INFORMATION PROVIDED:
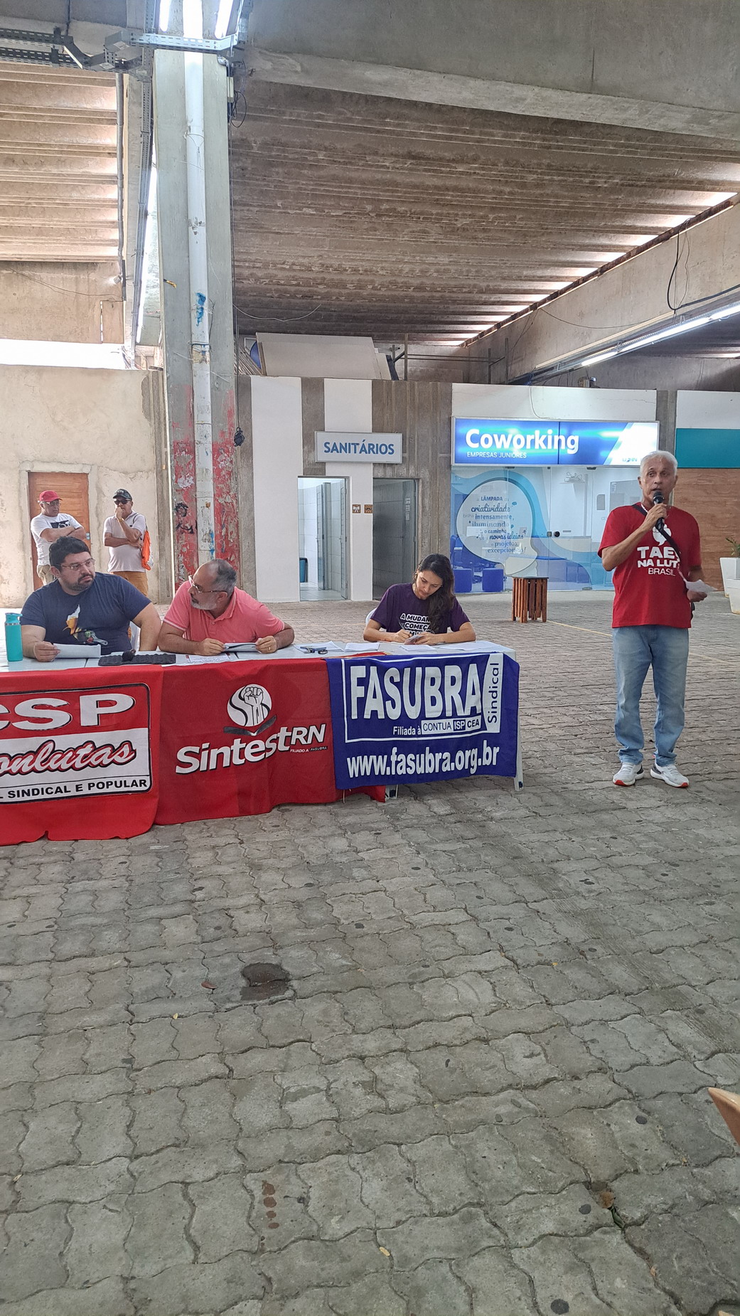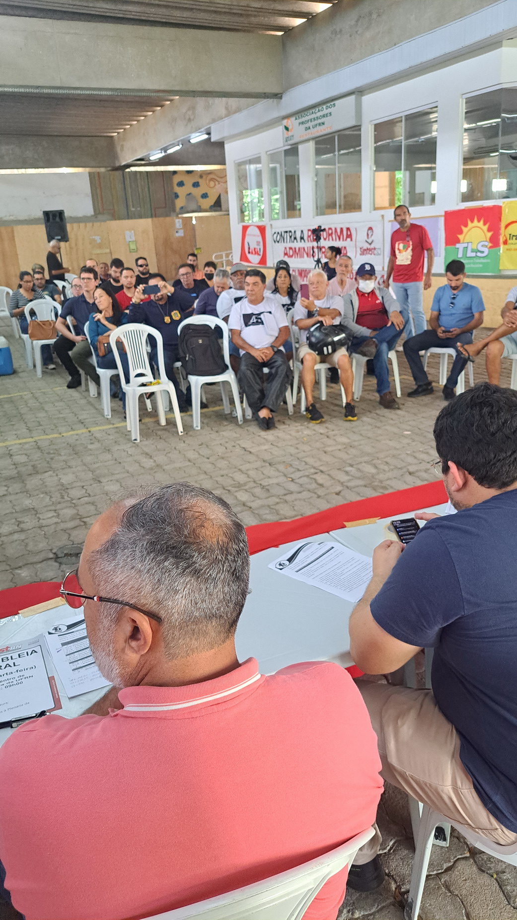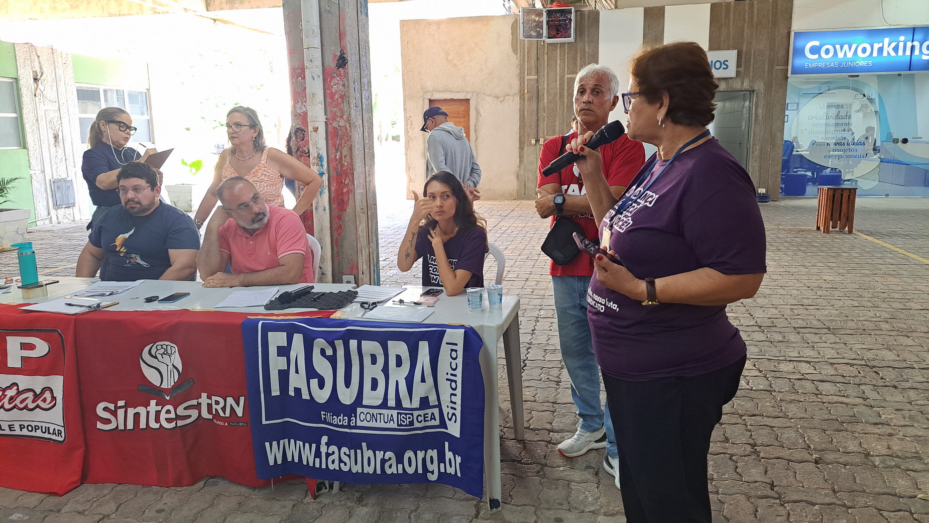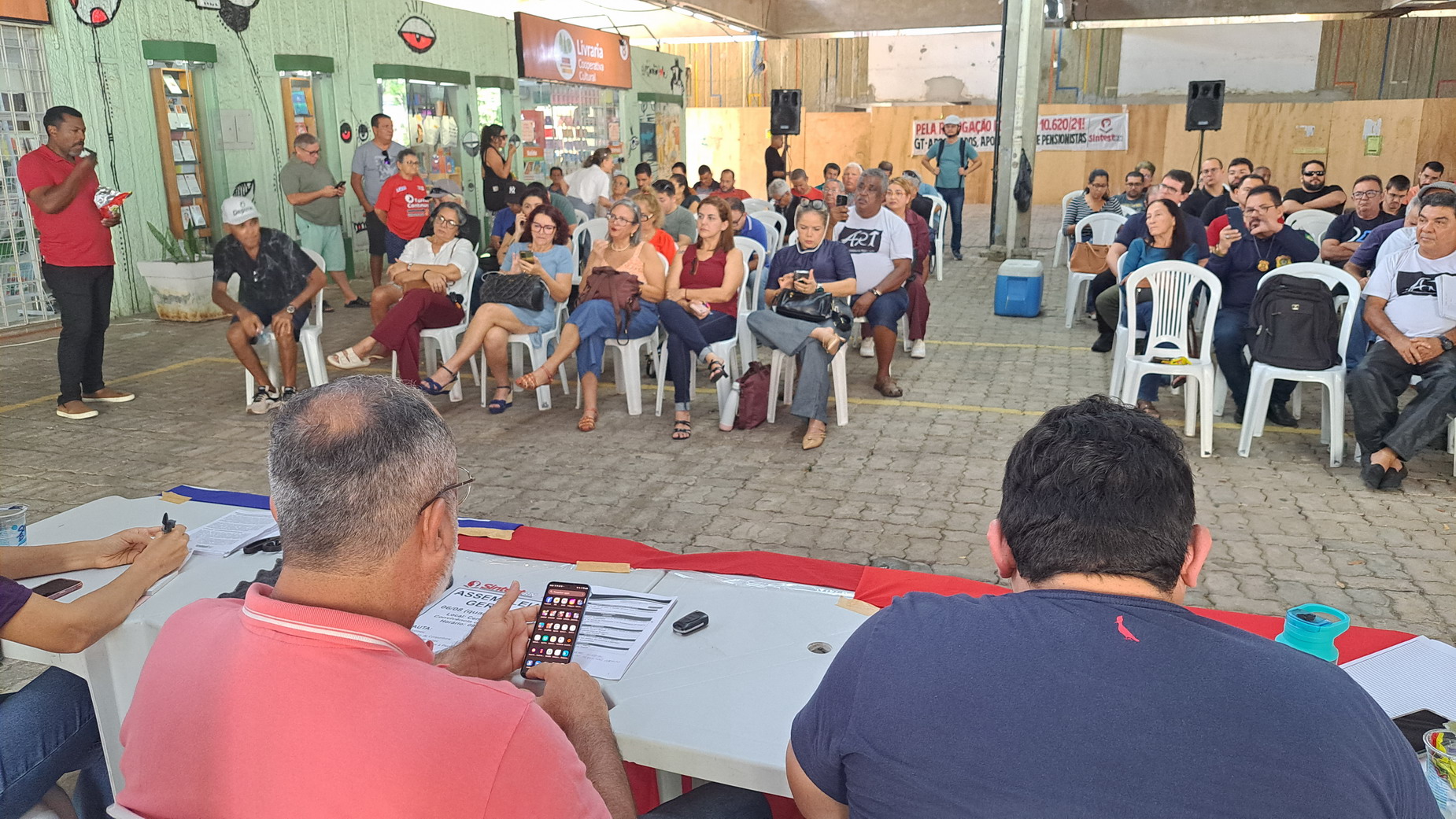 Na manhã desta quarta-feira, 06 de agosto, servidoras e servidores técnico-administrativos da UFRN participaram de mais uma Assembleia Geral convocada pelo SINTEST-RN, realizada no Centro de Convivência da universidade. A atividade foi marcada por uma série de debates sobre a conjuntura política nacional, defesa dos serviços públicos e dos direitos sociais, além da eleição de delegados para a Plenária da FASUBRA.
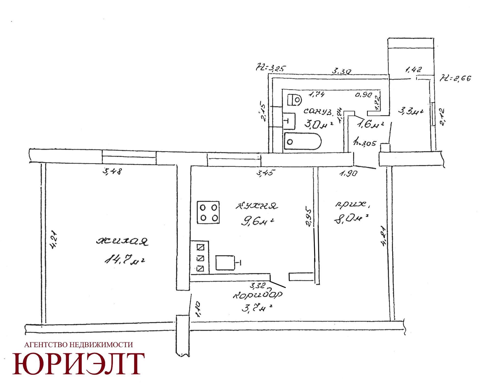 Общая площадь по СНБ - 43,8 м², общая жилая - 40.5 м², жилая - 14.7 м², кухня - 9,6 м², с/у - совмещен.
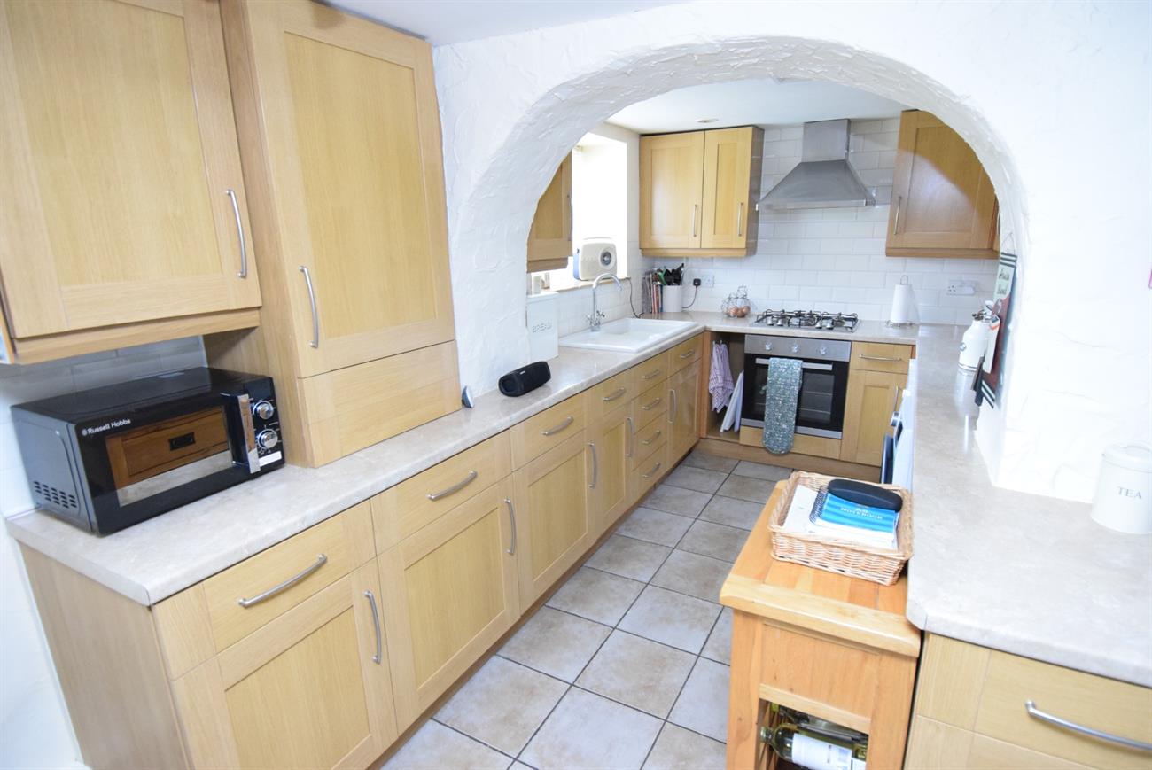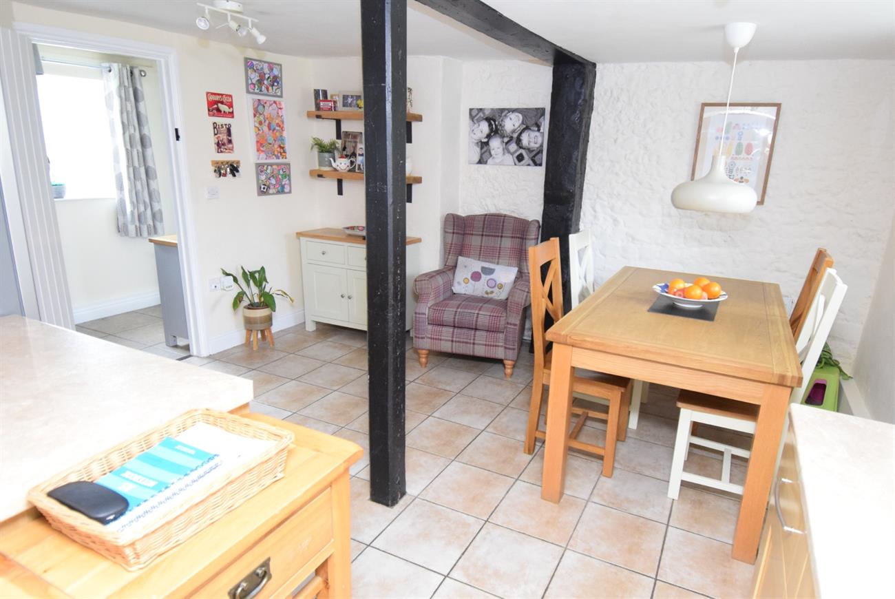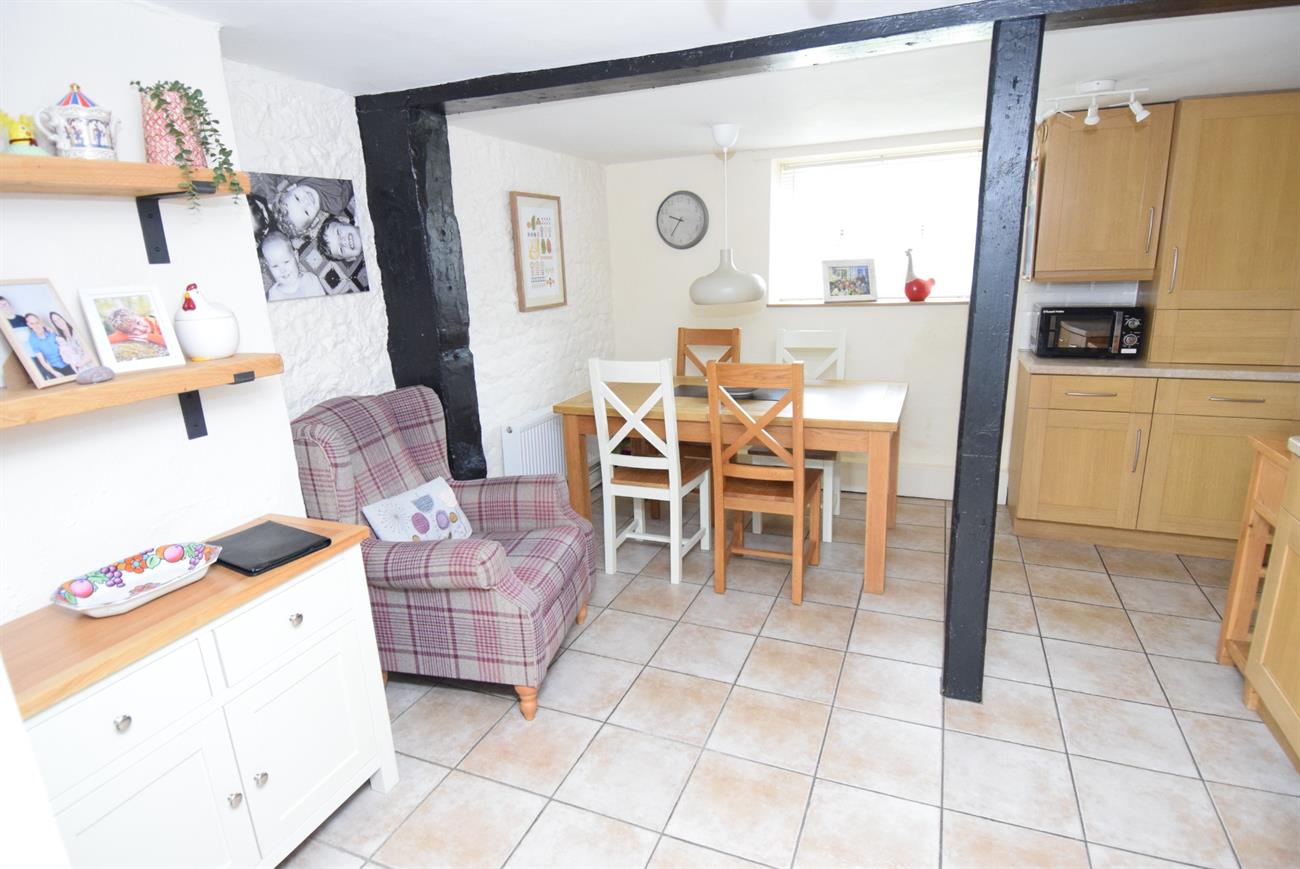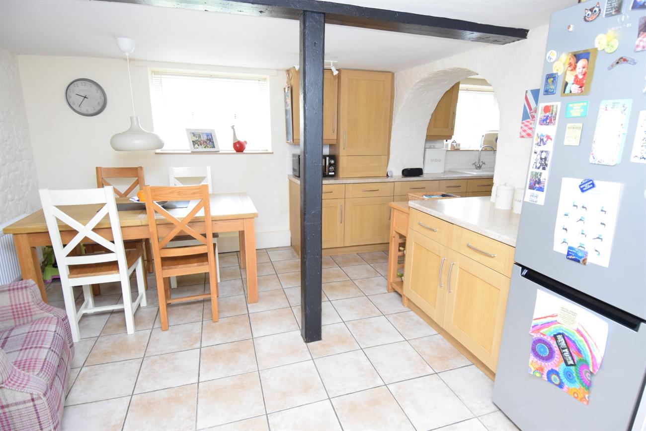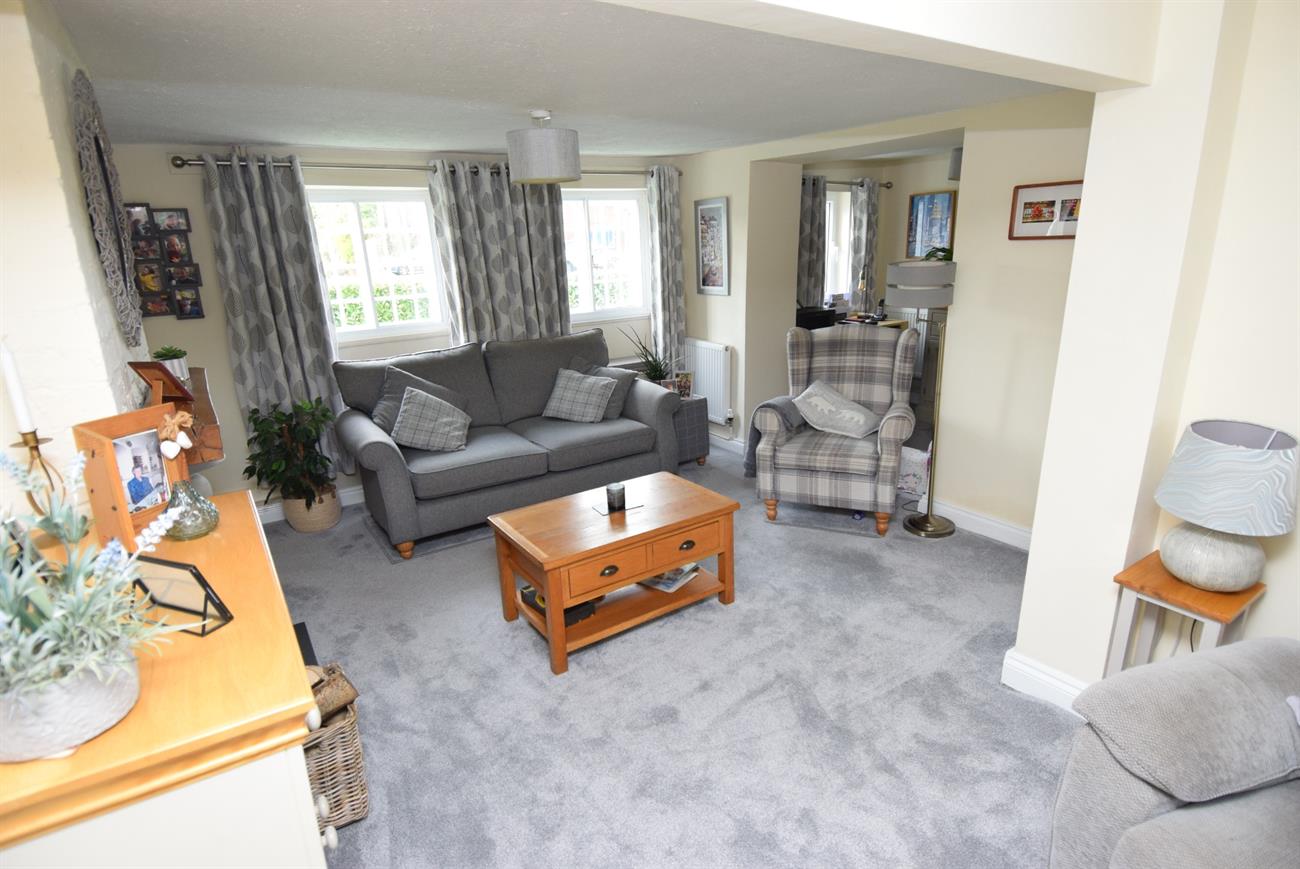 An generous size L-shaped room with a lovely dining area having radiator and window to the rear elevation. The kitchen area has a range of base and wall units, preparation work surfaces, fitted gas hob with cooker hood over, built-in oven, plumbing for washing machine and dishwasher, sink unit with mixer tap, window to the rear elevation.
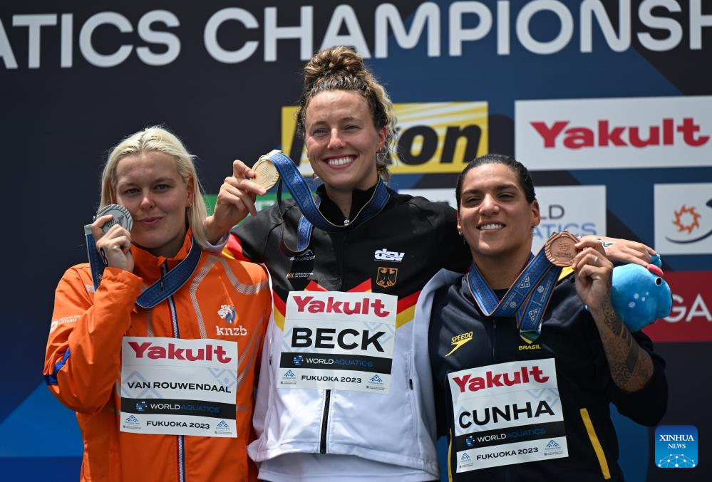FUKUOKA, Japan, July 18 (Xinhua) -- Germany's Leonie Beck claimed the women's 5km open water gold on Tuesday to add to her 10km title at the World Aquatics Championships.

ACTIVITY: Give the listing again exactly, but omit each image.

SOLUTION TO THE EXERCISE:
 Na manhã desta quarta-feira, 06 de agosto, servidoras e servidores técnico-administrativos da UFRN participaram de mais uma Assembleia Geral convocada pelo SINTEST-RN, realizada no Centro de Convivência da universidade. A atividade foi marcada por uma série de debates sobre a conjuntura política nacional, defesa dos serviços públicos e dos direitos sociais, além da eleição de delegados para a Plenária da FASUBRA.
 Общая площадь по СНБ - 43,8 м², общая жилая - 40.5 м², жилая - 14.7 м², кухня - 9,6 м², с/у - совмещен.
 An generous size L-shaped room with a lovely dining area having radiator and window to the rear elevation. The kitchen area has a range of base and wall units, preparation work surfaces, fitted gas hob with cooker hood over, built-in oven, plumbing for washing machine and dishwasher, sink unit with mixer tap, window to the rear elevation.
FUKUOKA, Japan, July 18 (Xinhua) -- Germany's Leonie Beck claimed the women's 5km open water gold on Tuesday to add to her 10km title at the World Aquatics Championships.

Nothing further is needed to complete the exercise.